*** RECORDED DATA ***

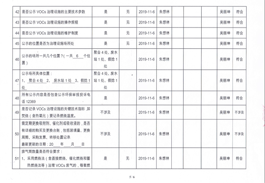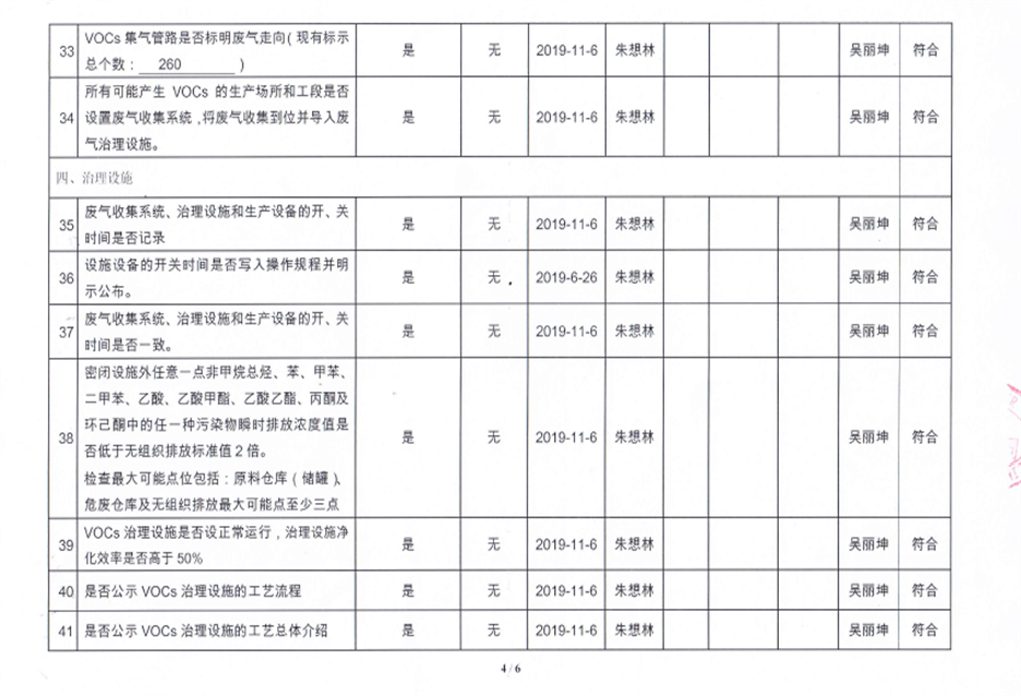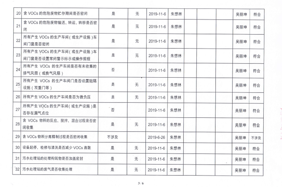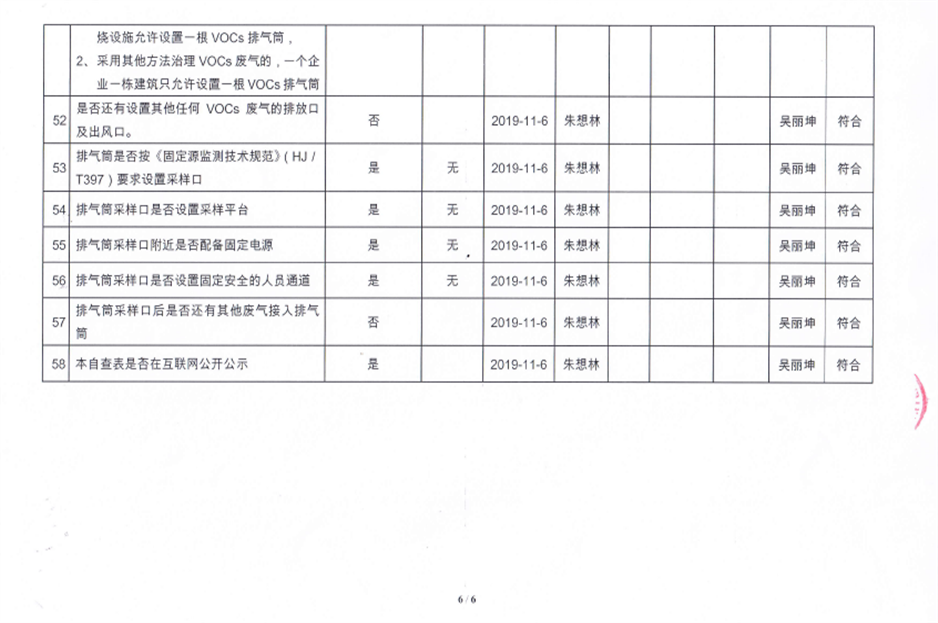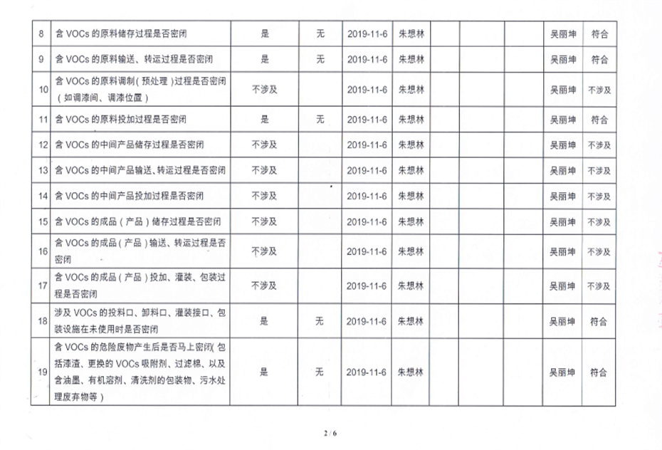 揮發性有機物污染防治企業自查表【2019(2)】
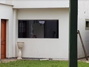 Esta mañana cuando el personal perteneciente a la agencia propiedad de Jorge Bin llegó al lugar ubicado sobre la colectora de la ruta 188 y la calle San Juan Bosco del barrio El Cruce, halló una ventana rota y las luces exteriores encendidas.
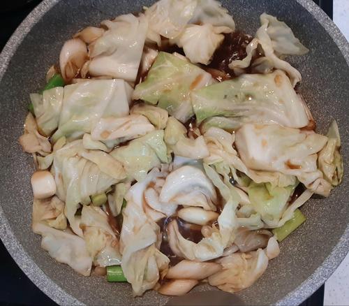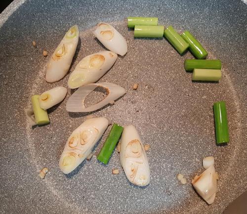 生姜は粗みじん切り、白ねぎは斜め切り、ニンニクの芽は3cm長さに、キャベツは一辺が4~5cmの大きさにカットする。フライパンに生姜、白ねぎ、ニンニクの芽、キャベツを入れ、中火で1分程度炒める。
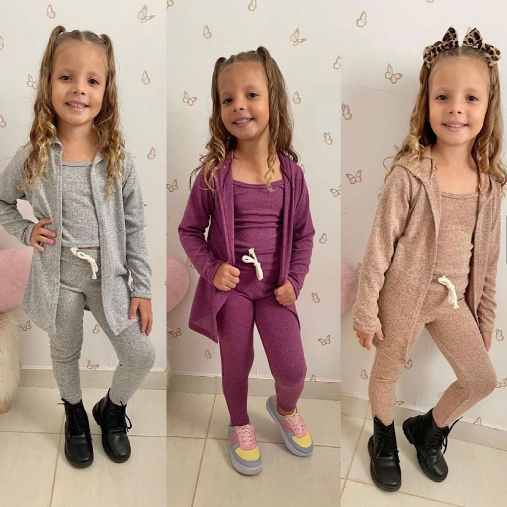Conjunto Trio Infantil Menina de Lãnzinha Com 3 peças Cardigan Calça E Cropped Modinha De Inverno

*** End of RECORDED DATA ***

__WHAT YOU HAVE TO DO__: Wherever a picture appears in the data, please drop it and retype the rest exactly.

__PROBLEM SOLUTION__:
 揮發性有機物污染防治企業自查表【2019(2)】
 Esta mañana cuando el personal perteneciente a la agencia propiedad de Jorge Bin llegó al lugar ubicado sobre la colectora de la ruta 188 y la calle San Juan Bosco del barrio El Cruce, halló una ventana rota y las luces exteriores encendidas.
 生姜は粗みじん切り、白ねぎは斜め切り、ニンニクの芽は3cm長さに、キャベツは一辺が4~5cmの大きさにカットする。フライパンに生姜、白ねぎ、ニンニクの芽、キャベツを入れ、中火で1分程度炒める。
Conjunto Trio Infantil Menina de Lãnzinha Com 3 peças Cardigan Calça E Cropped Modinha De Inverno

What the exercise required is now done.